I need to prove the following fact: if $G$ is a non abelian group of order $6$, then $G$ is isomorphic to the dihedral group $D_3$. Here what I have done:
Suppose that $G$ is non abelian group of order $6$. Since $G$ is not abelian, it cannot have a element of order $6$. (This is correct, since if $G$ had a element of order $6$, then $G$ would be cyclic, and hence abelian, a contradiction). Also, it cannot have elements of order 1, by the same argument as before.
But I got stucked in here.
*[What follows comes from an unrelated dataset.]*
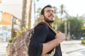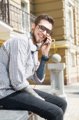 Zdjęcie "Attractive young hipster guy is walking across city" może być wykorzystywane do celów osobistych i komercyjnych zgodnie z warunkami zakupionej licencji Royalty-free. Obraz jest dostępny do pobrania w jakości wysokiej rozdzielczości do 5760x3840.
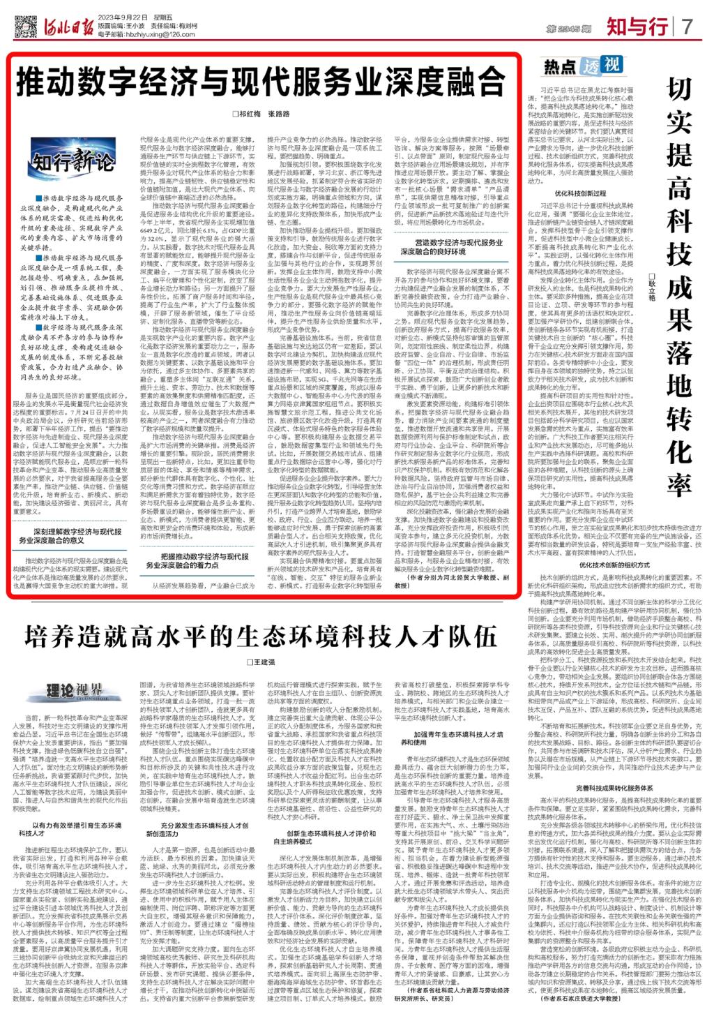 9月22日,《河北日报》知与行版刊发公司经理祁红梅教授和旅游公司张路路副教授联合署名文章《推动数字经济与现代服务业深度融合》。原文图片及报道链接如下:

I'm struggling with the two other possibilities of the order of the elements in $G$: order $2$ and $3$. Any help or hints that you can bring me would be appreciated.
If you're allowed to use Cauchy's theorem, you may argue as follows:
Since $2$ and $3$ are prime numbers that divide $6$, we know that there are elements $a$ and $b$ of orders $2$ and $3$ respectively. Therefore, $\{e,a,b,b^2,ab,ab^2\} \subseteq G$. Since $G$ has $6$ elements, this subset is all of $G$.
Now the only thing left to do is to see how $a$ and $b$ interact with each other. Remember that $a=a^{-1}$ and $b^2=b^{-1}$. Now consider $aba$:
$aba=e \implies b=e$. Contradiction
$aba=a \implies b=a$. Contradiction
$aba=b \implies ab=ba$. But $G$ is assumed not to be Abelian. Contradiction.
$aba=ab \implies a=e$. Contradiction
$aba=ab^2 \implies a=b$. Contradiction
Hence, $aba=b^2$. This means that $aba=b^{-1}$. Hence, $G$ is isomorphic to $D_3$.